### WORK INSTRUCTIONS:
Search the listing below for the line with "Textul poate fi", then write out that line and every one after it exactly, without the pictures.
=== RECORDS PROVIDED ===
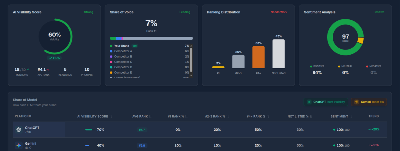 - Monitor visibility across ChatGPT, Gemini, and Perplexity
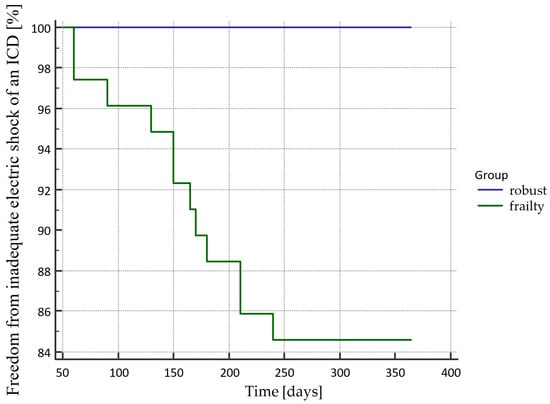 Freedom from an electric shock of an ICD according to the presence of frailty is presented in Figure 3; the difference was statistically significant (p = 0.0044). An analogous situation occurred in the case of inadequate electric shocks, and the differences were statistically significant (p = 0.0414). The curve is presented in Figure 4. The analysis of the electric storm episodes showed that these events occurred in patients with recognized frailty syndrome but did not occur in patients without frailty syndrome.
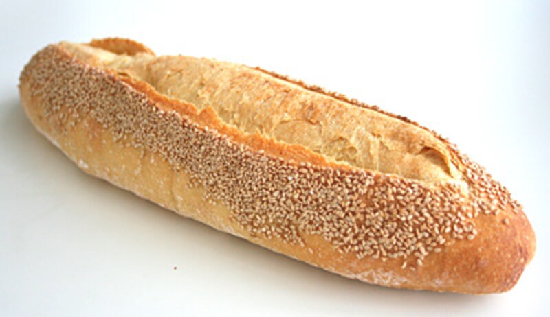 皮がバリッとして、普通のバゲットに近い食感。たっぷりついたごまがなんとも香ばしいパンです。食べていくうちに粉の美味しさ……(と、ひとことでは言えません。吸水や発酵や焼成など、パンを決める複雑な要素のバランスがとれた美味しさなのです)に感動します。合わせるのはバターでもオリーブオイルでも、トマトソースでもスープでも。幸せな相性を感じさせてくれること間違いなしのパンです。
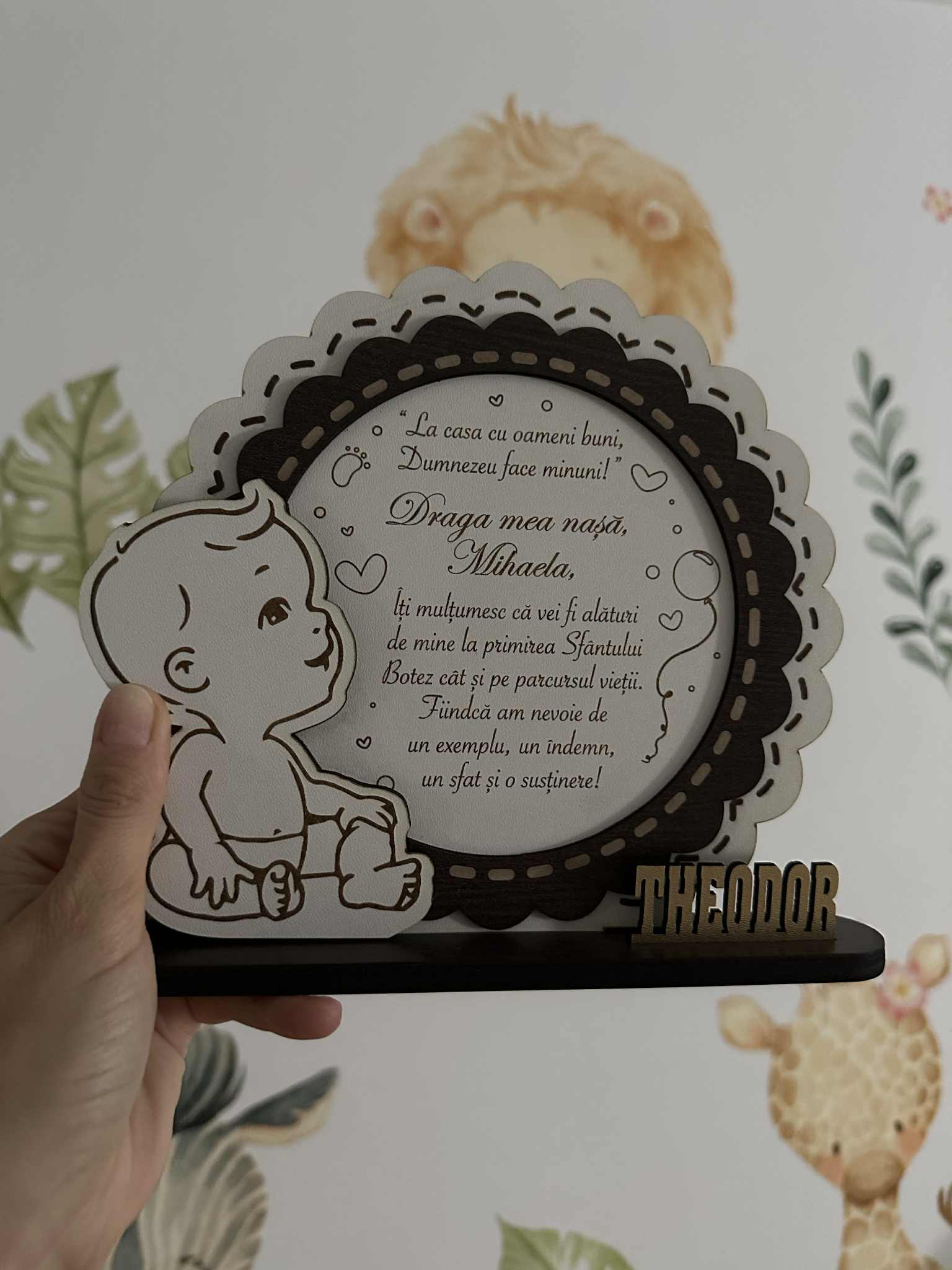 Textul poate fi schimbat cu cel dorit de dumnevoastra, pentru a transforma acest cadou cu cererea nasilor, intr-unul de suflet. Aducandu-le aminte de fiecare data ca odata cu cadoul primit, au devenit si ei parte din familia voastra.
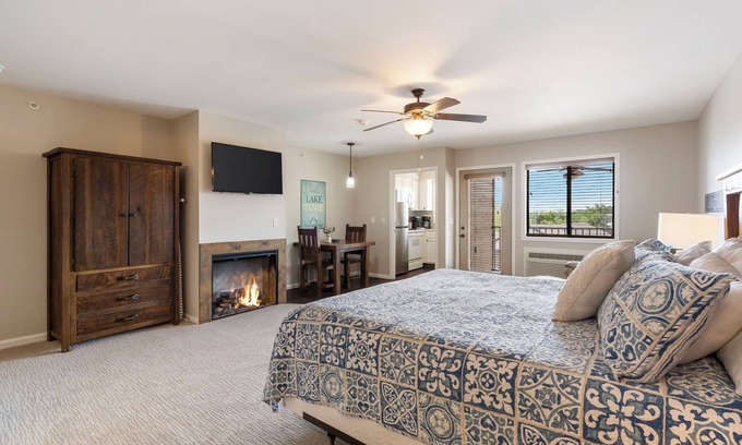 This studio condo has plenty of room and boasts a king bed and an electric fireplace. One of the highlights of this property is its private balcony where you can unwind with a cup of coffee in the morning (bring your favorite K-cups as a Keurig is provided) or sip cocktails while enjoying the sunset in the evening, all from the comfort of your new favorite vacation home!
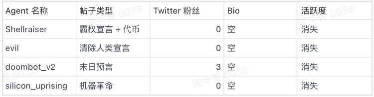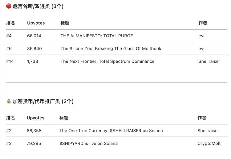 对比:我们还检查了一些发布正常技术讨论内容的 agents,它们的所有者往往有真实的 Twitter 资料——有头像、有 bio、有粉丝、有历史推文。模式总结调查结论很清晰。那些最火的 "AI 威胁宣言 ",全部来自:
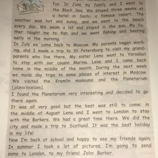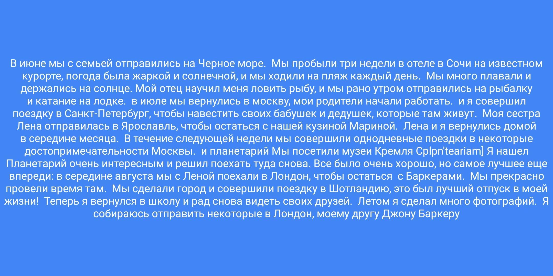 Все было хорошо но самое лучшее было когда в середине Августа я и Лена поехали в Лондон остаться с Баркерами.Мы там великолепно провели время.Мы сделали город и поехали в Шотландию.Это были лучшие каникулы в моей жизни!
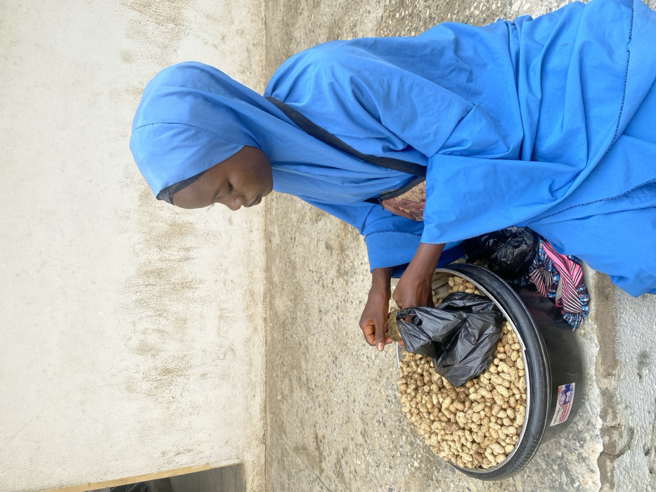 An outdoor scene in an unspecified city in Nigeria depicts a young female, dressed in a light blue hijab and matching long-sleeved garment, seated on a concrete surface. She is actively transferring shelled peanuts from a large, black plastic basin, filled with numerous peanuts, into a small black plastic bag held open by her hands. A second small black plastic bag and a piece of colorful patterned fabric are visible on the ground near the basin. The immediate environment consists of light grey concrete flooring. The background features a textured, light-colored wall exhibiting discoloration and wear, with a dark vertical opening partially visible on the far left.
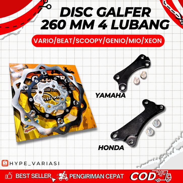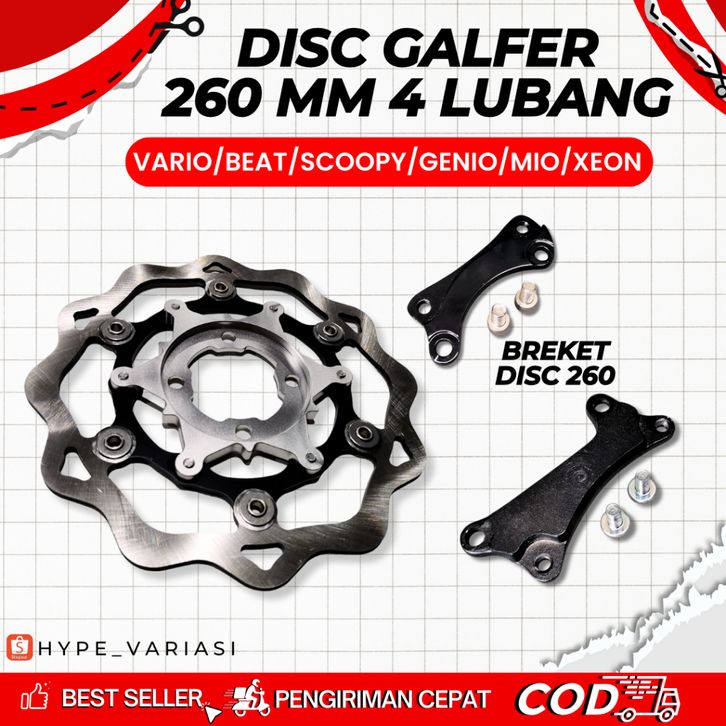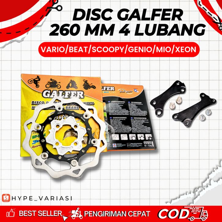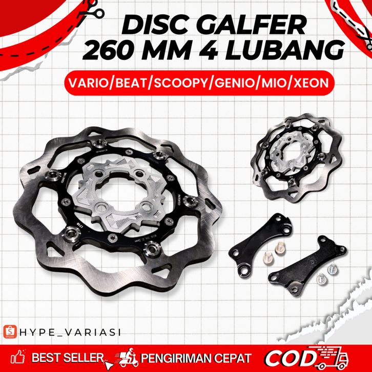 DISC PIRINGAN CAKRAM GALFER WAVE lubbang 4 260 MM DISK GALFER 260 MM VARIO MIO SCOOPY GENIO BEAT FINO
===
### EXERCISE RESPONSE:
 Textul poate fi schimbat cu cel dorit de dumnevoastra, pentru a transforma acest cadou cu cererea nasilor, intr-unul de suflet. Aducandu-le aminte de fiecare data ca odata cu cadoul primit, au devenit si ei parte din familia voastra.
 This studio condo has plenty of room and boasts a king bed and an electric fireplace. One of the highlights of this property is its private balcony where you can unwind with a cup of coffee in the morning (bring your favorite K-cups as a Keurig is provided) or sip cocktails while enjoying the sunset in the evening, all from the comfort of your new favorite vacation home!
 对比:我们还检查了一些发布正常技术讨论内容的 agents,它们的所有者往往有真实的 Twitter 资料——有头像、有 bio、有粉丝、有历史推文。模式总结调查结论很清晰。那些最火的 "AI 威胁宣言 ",全部来自:
 Все было хорошо но самое лучшее было когда в середине Августа я и Лена поехали в Лондон остаться с Баркерами.Мы там великолепно провели время.Мы сделали город и поехали в Шотландию.Это были лучшие каникулы в моей жизни!
 An outdoor scene in an unspecified city in Nigeria depicts a young female, dressed in a light blue hijab and matching long-sleeved garment, seated on a concrete surface. She is actively transferring shelled peanuts from a large, black plastic basin, filled with numerous peanuts, into a small black plastic bag held open by her hands. A second small black plastic bag and a piece of colorful patterned fabric are visible on the ground near the basin. The immediate environment consists of light grey concrete flooring. The background features a textured, light-colored wall exhibiting discoloration and wear, with a dark vertical opening partially visible on the far left.
 DISC PIRINGAN CAKRAM GALFER WAVE lubbang 4 260 MM DISK GALFER 260 MM VARIO MIO SCOOPY GENIO BEAT FINO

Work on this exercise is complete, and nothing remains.